Project

General

Profile

Actions

Bug #53806

closed

unessesarily long laggy PG state

Added by 玮文 胡 over 2 years ago. Updated 3 months ago.

Status:
Resolved
Priority:
High
Assignee:
-
Category:
Performance/Resource Usage
Target version:
-
% Done:

100%

Source:
Community (dev)
Tags:
backport_processed
Backport:
octopus, pacific, quincy
Regression:
No
Severity:
3 - minor
Reviewed:
Affected Versions:
ceph-qa-suite:
Component(RADOS):
OSD
Pull request ID:
Crash signature (v1):
Crash signature (v2):

Description

the first `pg_lease_ack_t` after becoming laggy would not trigger `recheck_readable`. However, every other ack would trigger it.
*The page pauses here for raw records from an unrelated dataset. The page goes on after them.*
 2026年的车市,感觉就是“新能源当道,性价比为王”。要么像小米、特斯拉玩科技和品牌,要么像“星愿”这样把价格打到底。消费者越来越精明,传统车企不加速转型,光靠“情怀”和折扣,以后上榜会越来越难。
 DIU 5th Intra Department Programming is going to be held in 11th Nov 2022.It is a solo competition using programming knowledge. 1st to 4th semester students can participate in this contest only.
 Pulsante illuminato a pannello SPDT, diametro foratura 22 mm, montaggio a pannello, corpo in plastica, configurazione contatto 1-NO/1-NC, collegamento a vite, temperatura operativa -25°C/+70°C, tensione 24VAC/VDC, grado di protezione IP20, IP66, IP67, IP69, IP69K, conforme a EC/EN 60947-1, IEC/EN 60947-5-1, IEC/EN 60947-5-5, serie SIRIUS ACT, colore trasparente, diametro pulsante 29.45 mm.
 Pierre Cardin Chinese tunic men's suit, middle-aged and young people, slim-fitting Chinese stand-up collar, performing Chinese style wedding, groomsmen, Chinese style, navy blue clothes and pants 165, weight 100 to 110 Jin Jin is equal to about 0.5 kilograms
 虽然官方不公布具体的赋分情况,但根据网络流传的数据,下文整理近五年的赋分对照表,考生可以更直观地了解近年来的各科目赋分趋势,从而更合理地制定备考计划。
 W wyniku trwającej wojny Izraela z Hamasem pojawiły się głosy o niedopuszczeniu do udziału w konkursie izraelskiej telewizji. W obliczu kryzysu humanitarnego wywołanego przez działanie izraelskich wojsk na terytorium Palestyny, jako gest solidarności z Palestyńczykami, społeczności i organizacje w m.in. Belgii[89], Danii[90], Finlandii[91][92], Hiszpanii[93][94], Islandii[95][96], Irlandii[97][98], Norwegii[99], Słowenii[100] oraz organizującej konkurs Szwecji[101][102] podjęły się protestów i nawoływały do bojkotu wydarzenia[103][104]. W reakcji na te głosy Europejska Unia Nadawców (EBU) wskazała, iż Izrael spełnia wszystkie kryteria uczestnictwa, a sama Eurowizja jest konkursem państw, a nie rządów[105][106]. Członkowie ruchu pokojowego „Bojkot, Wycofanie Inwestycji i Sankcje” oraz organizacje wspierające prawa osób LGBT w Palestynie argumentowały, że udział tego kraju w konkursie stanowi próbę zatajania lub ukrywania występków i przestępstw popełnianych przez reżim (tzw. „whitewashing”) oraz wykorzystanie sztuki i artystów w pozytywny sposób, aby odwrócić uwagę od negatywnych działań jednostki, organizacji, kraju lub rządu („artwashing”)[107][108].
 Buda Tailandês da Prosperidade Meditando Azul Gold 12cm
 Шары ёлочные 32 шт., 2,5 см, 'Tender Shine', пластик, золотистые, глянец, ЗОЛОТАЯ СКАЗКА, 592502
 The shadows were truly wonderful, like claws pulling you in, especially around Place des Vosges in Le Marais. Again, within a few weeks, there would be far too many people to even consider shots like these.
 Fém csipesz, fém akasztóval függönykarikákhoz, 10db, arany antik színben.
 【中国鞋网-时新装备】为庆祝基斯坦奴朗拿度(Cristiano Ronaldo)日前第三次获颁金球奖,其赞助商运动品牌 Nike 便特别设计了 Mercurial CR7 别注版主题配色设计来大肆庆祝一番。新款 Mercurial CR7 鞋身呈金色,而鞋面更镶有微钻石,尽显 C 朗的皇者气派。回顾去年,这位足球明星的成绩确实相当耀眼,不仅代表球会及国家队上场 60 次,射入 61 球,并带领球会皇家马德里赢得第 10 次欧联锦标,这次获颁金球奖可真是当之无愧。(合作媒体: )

The logic is inverted. Causing unnecessarily long laggy PG state.

Reproduction:

MON=1 OSD=2 MDS=0 MGR=1 ../src/vstart.sh --new --debug
./bin/ceph osd pool create test 1 --size 2
./bin/ceph config set osd debug_osd 20/20
./bin/ceph config set osd debug_ms 1/1
./bin/ceph config set osd.0 ms_blackhole_osd true  # osd.0 is the primary of test pool
# wait for 20s
echo 12345 | ./bin/rados -p test put 1 -
# press Ctrl+C after several seconds
# Make sure pg 2.0 is laggy now.
./bin/ceph config rm osd.0 ms_blackhole_osd

Wait for pg 2.0 exit laggy state, which takes unnecessarily long.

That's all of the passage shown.